* **ACTIVITY**: In the listing below, find the line with "Слайд 33Филиппо Брунеллески." and copy every line from there up to and including the line with "Figura 1: Evolución", exactly and without pictures.

* **SOURCE DATA**:
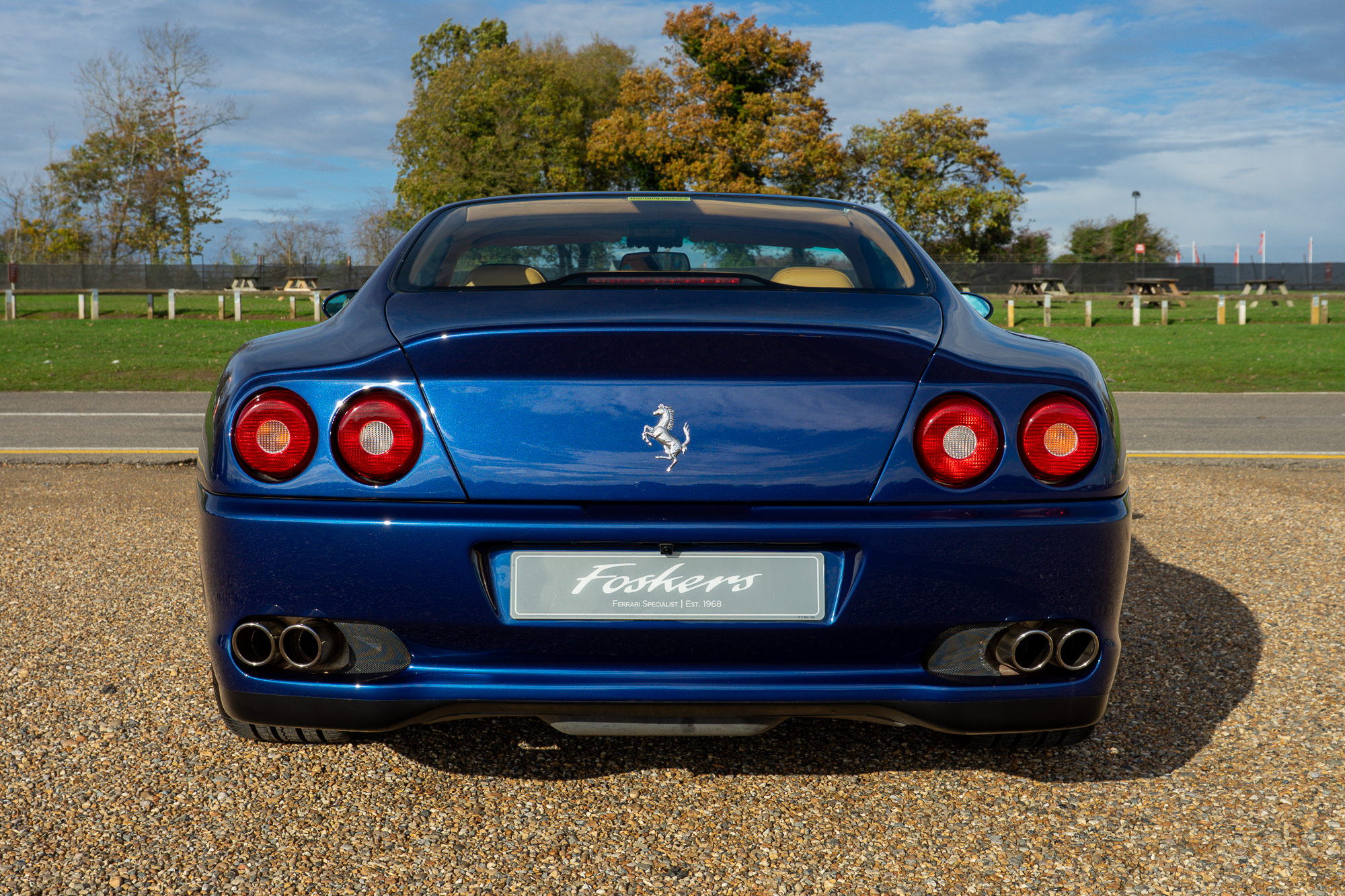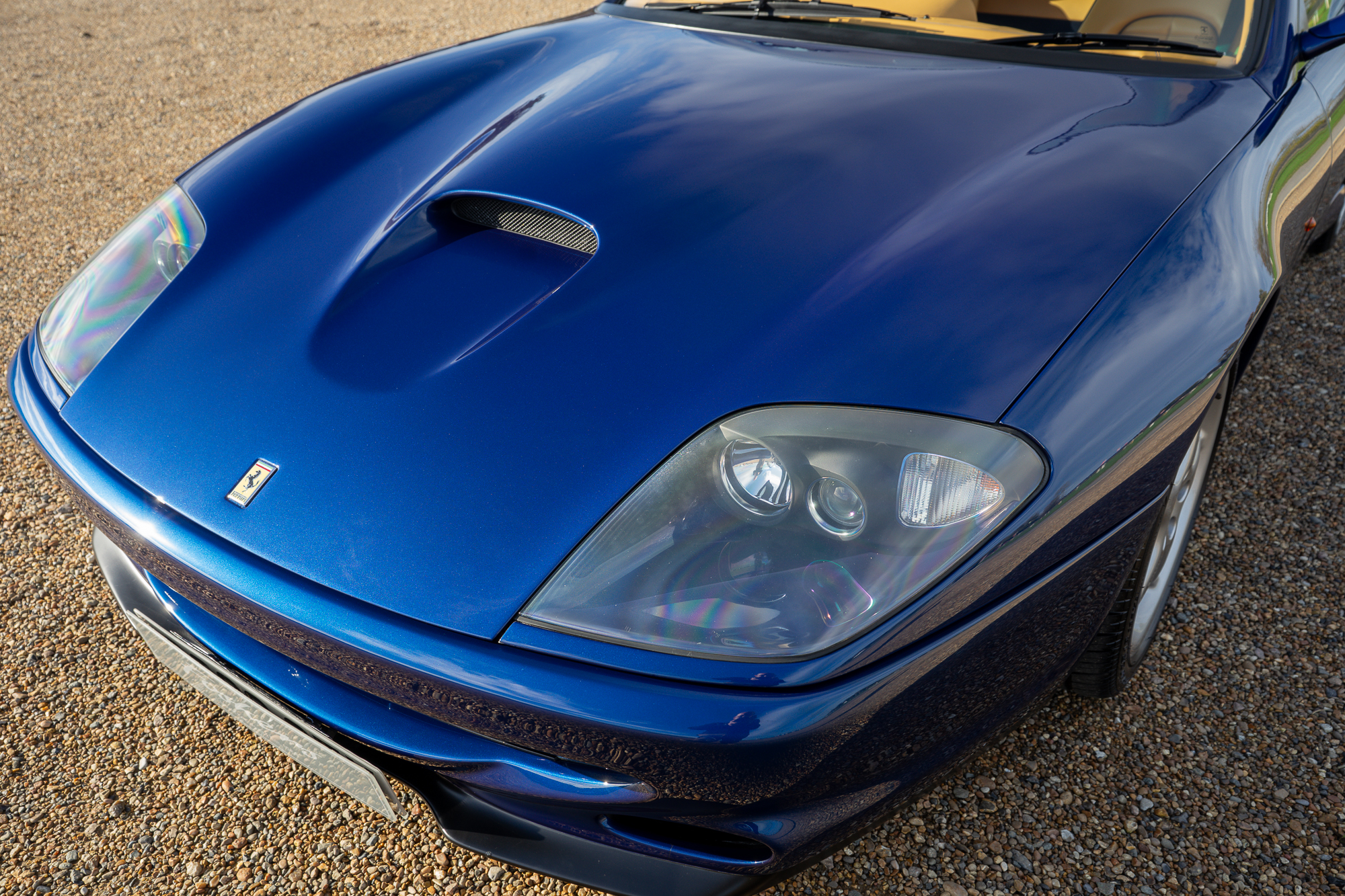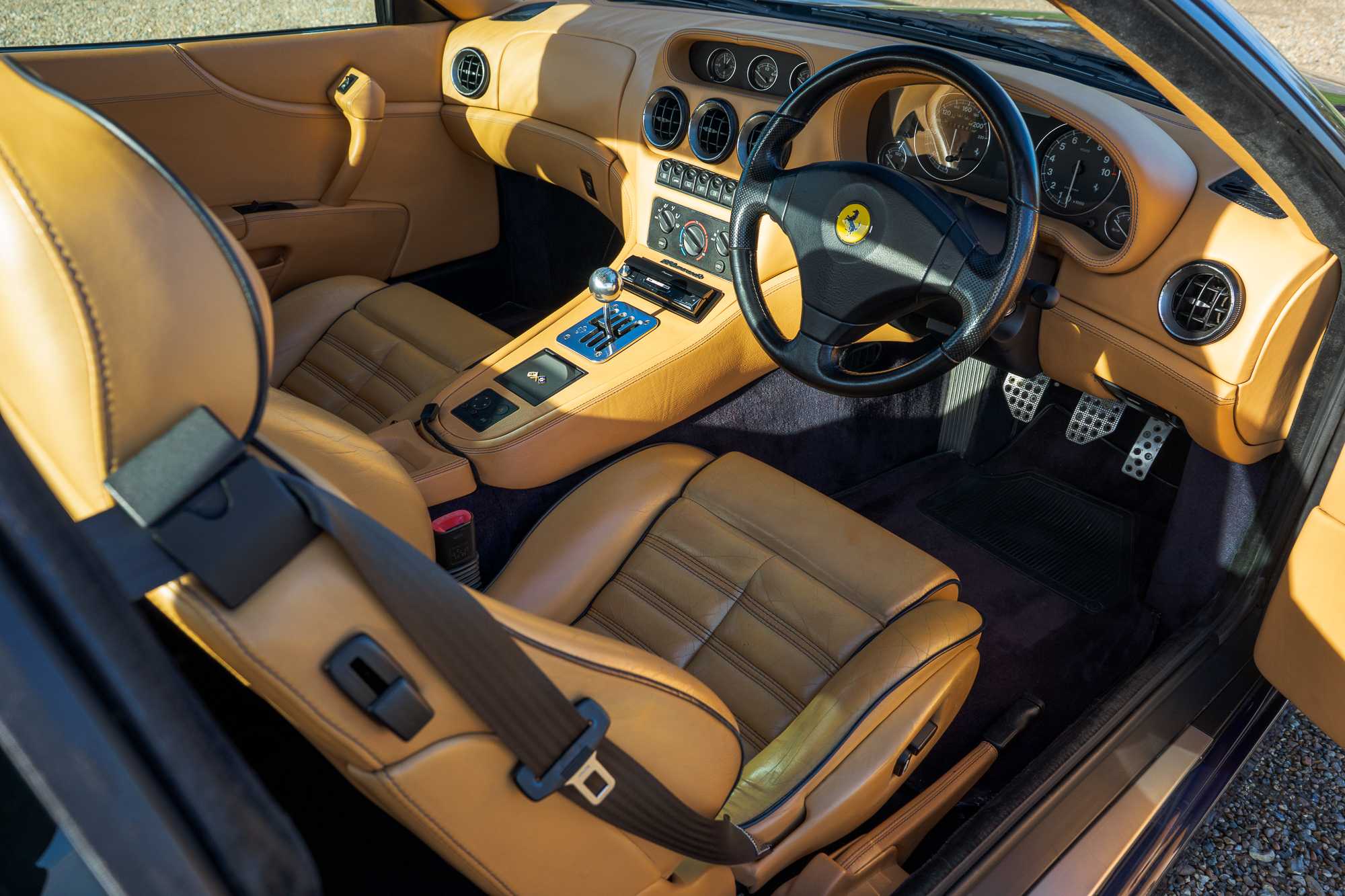 Delivered March 2000 by JCT600, specified in Tour de France Blu over tan with blue carpets. Optioned with blue piping, blue stitching, full upper dash in tan as well as A-pillars and headlining. After paint correction in 2022, full PPF was applied and Quicksilver back boxes installed. In addition, a Pioneer head unit with reversing camera have been fitted and upgraded HiFi. Having been serviced throughout its life by Ferrari Main Dealers and Specialists, this example has been maintained to a very high standard and cherished by its owner, will make a fine addition to any collection.
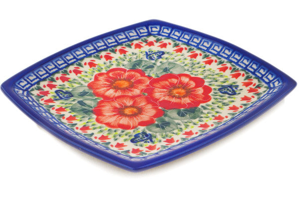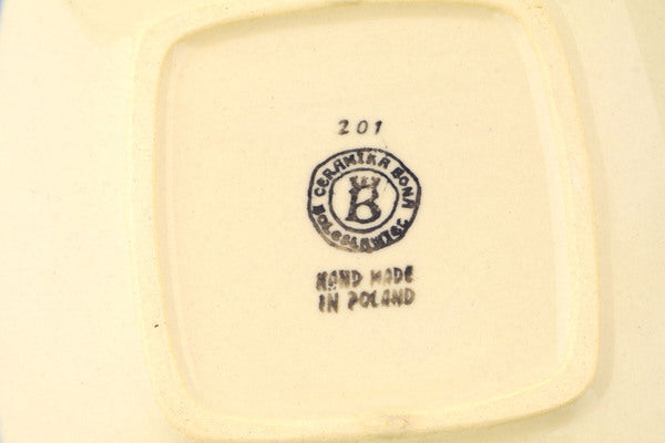 This Happiness 7" Square Plate was handmade and hand decorated in Boleslawiec, Poland by skilled artisans according to old traditional methods. This is a Polish pottery Signature Unikat, which means that it has been hand painted with both sponges and brushes and it is signed by the artist who painted it. Unikat pieces are the most intricate works of art. Larger Unikat items take hours of very careful work to finish. This Polish stoneware is microwave, dishwasher, freezer, and oven safe up to 480°F. It does not contain lead or cadmium. It is part of the Happiness Collection.
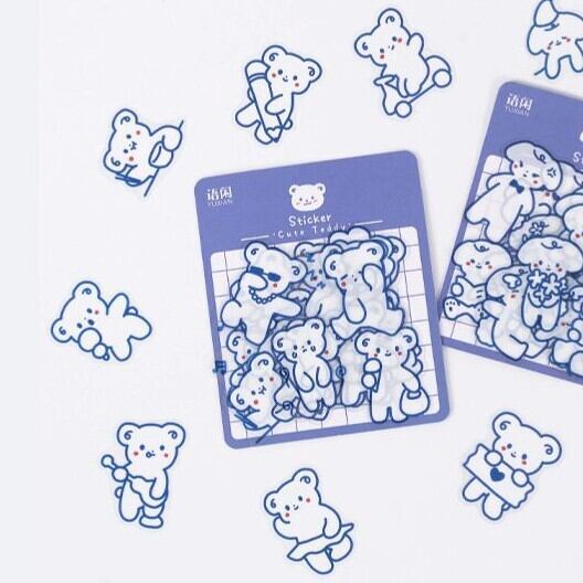 くま系シール ポーズ色々可愛いしろくまのPETフレークシール40枚 水に強いので、スマホデコやヘルメットにも
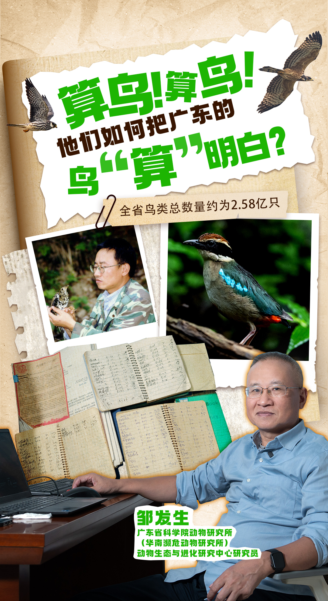 他们为啥要算鸟?怎么算的?南方+记者对话这项研究的作者之一、广东省科学院动物研究所(华南濒危动物研究所)动物生态与进化研究中心研究员邹发生,了解“算鸟”背后的故事。
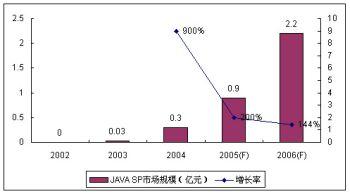 作為SP和移動(dòng)運(yùn)營商都非常看好的業(yè)務(wù),JAVA業(yè)務(wù)受到眾多SP的青睞。盡管作為JAVA主要業(yè)務(wù)的手機(jī)游戲目前盈利狀況普遍欠佳,但空中網(wǎng)、美通無線、數(shù)字魚等SP仍然大量投入,期待著未來業(yè)務(wù)的高速增長。受制于終端和JAVA游戲的表現(xiàn)力,2005年JAVA業(yè)務(wù)的SP市場規(guī)模增長率回落到200%,諾盛預(yù)計(jì)2006年JAVA的使用環(huán)境沒有太大變化,其增長率進(jìn)一步回落至144%。
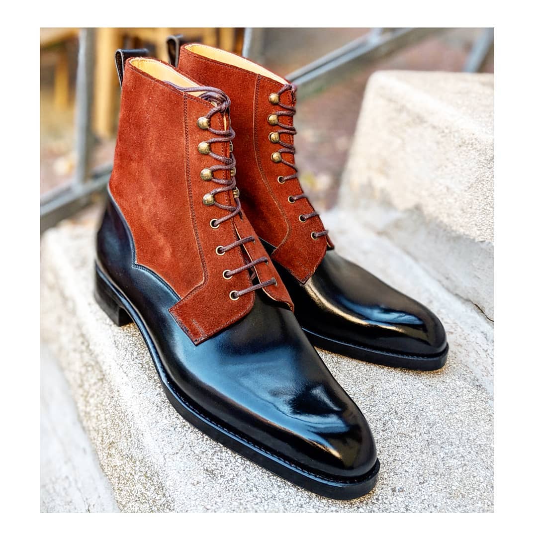 Handmade Men Black Genuine Leather and Suede Ankle High Dress Boot
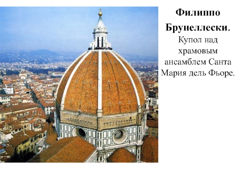 Слайд 33Филиппо Брунеллески. Купол над храмовым ансамблем Санта Мария дель Фьоре.
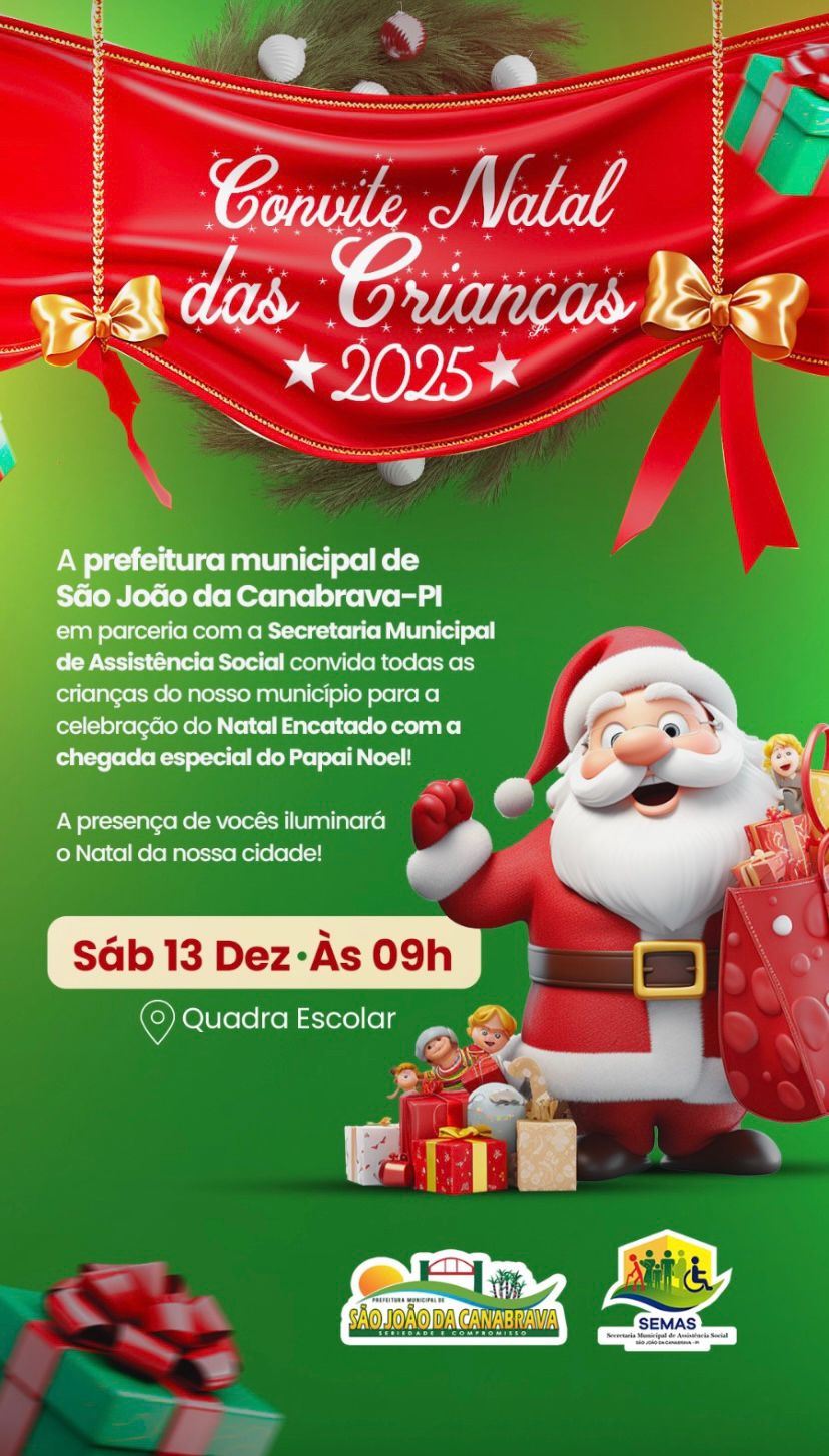 Prefeitura de São João da Canabrava realizará o “Natal das Crianças” no próximo sábado às 9 horas
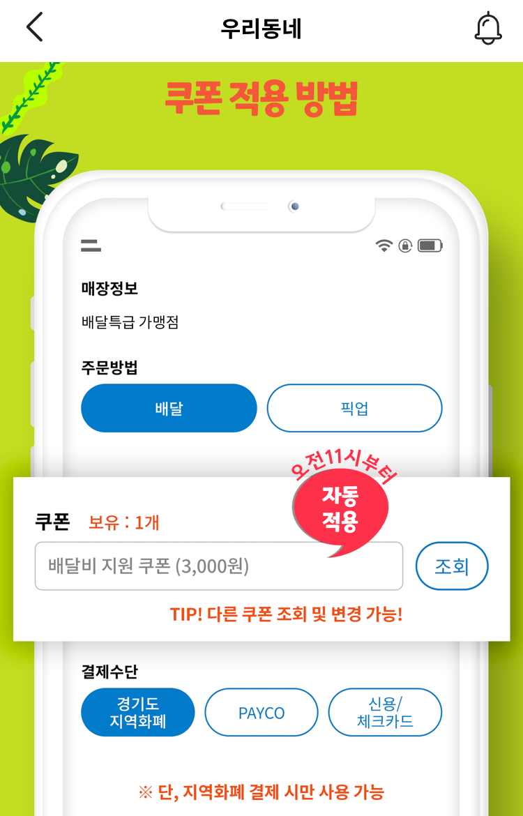18천 원 이상 주문이면서 지역화폐로 결제를 해야
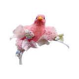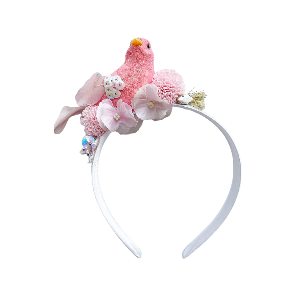 Made of satin bases, I design our whimsical pieces with a mixture of pom poms, sequins, birds, silk flowers, greek charms and swarovski crystals.
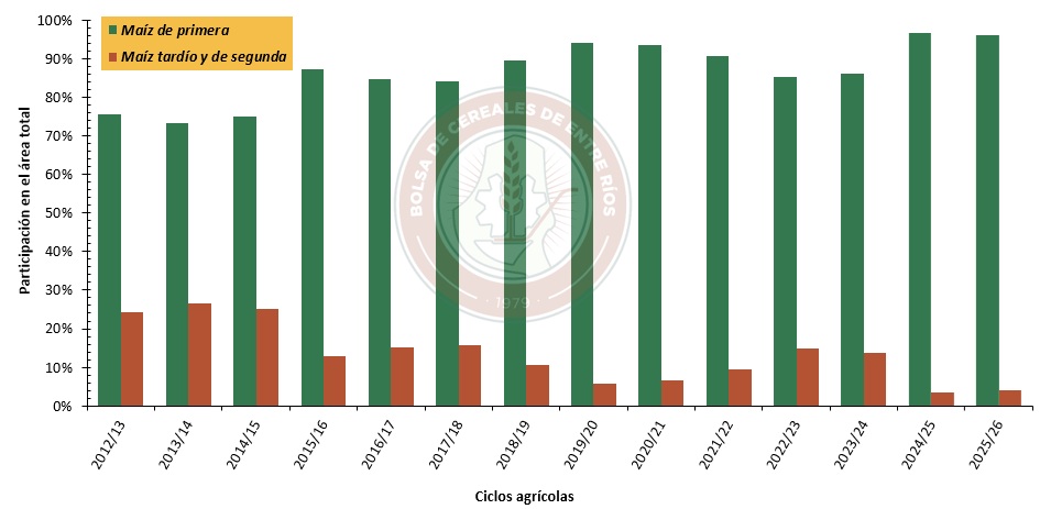 Figura 1: Evolución de la participación del maíz de primera versus el tardío y de segunda en la provincia de Entre Ríos.
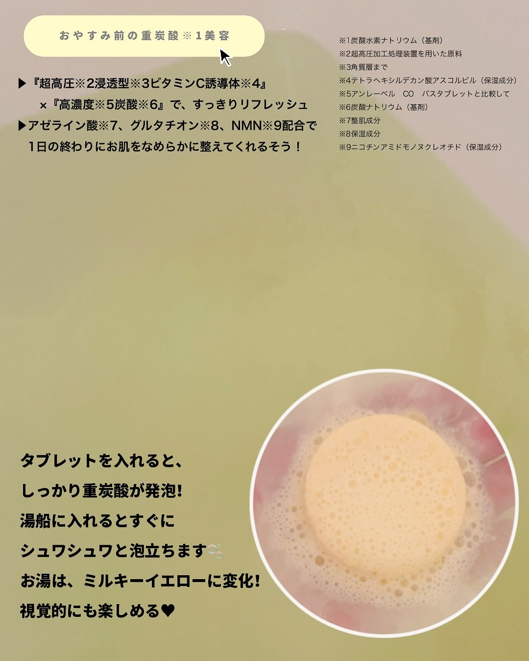 .アンレーベルラボVコンプリートバスタブレットおやすみ前の重炭酸*1美容🌙✨超高圧*2浸透型*3ビタミンC誘導体*4配合、高濃度*5炭酸*6が特徴のバスタブレットですさらにアゼライン酸*7、グルタチオン*8、NMN*9も配合されています...
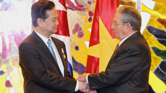 Chiều 26-3, lãnh tụ Cuba Fidel Castro đã tiếp Thủ tướng Nguyễn Tấn Dũng. Hai bên đã trao đổi rộng rãi về mối quan hệ lịch sử giữa Việt Nam và Cuba, cũng như kinh nghiệm của hai nước trong việc phát triển kinh tế - xã hội. Hai bên cũng trao đổi ý kiến xung quanh những mối nguy hiểm do tình trạng biến đổi khí hậu và những thách thức khác gây ra với loài người. Cũng tại cuộc gặp, lãnh tụ Fidel Castro đã chia sẻ với Thủ tướng Nguyễn Tấn Dũng về kết quả các công trình nghiên cứu của các nhà khoa học Cuba có thể làm tăng sản lượng lương thực.

* **EXERCISE OUTPUT**:
 Слайд 33Филиппо Брунеллески. Купол над храмовым ансамблем Санта Мария дель Фьоре.
 Prefeitura de São João da Canabrava realizará o “Natal das Crianças” no próximo sábado às 9 horas
18천 원 이상 주문이면서 지역화폐로 결제를 해야
 Made of satin bases, I design our whimsical pieces with a mixture of pom poms, sequins, birds, silk flowers, greek charms and swarovski crystals.
 Figura 1: Evolución de la participación del maíz de primera versus el tardío y de segunda en la provincia de Entre Ríos.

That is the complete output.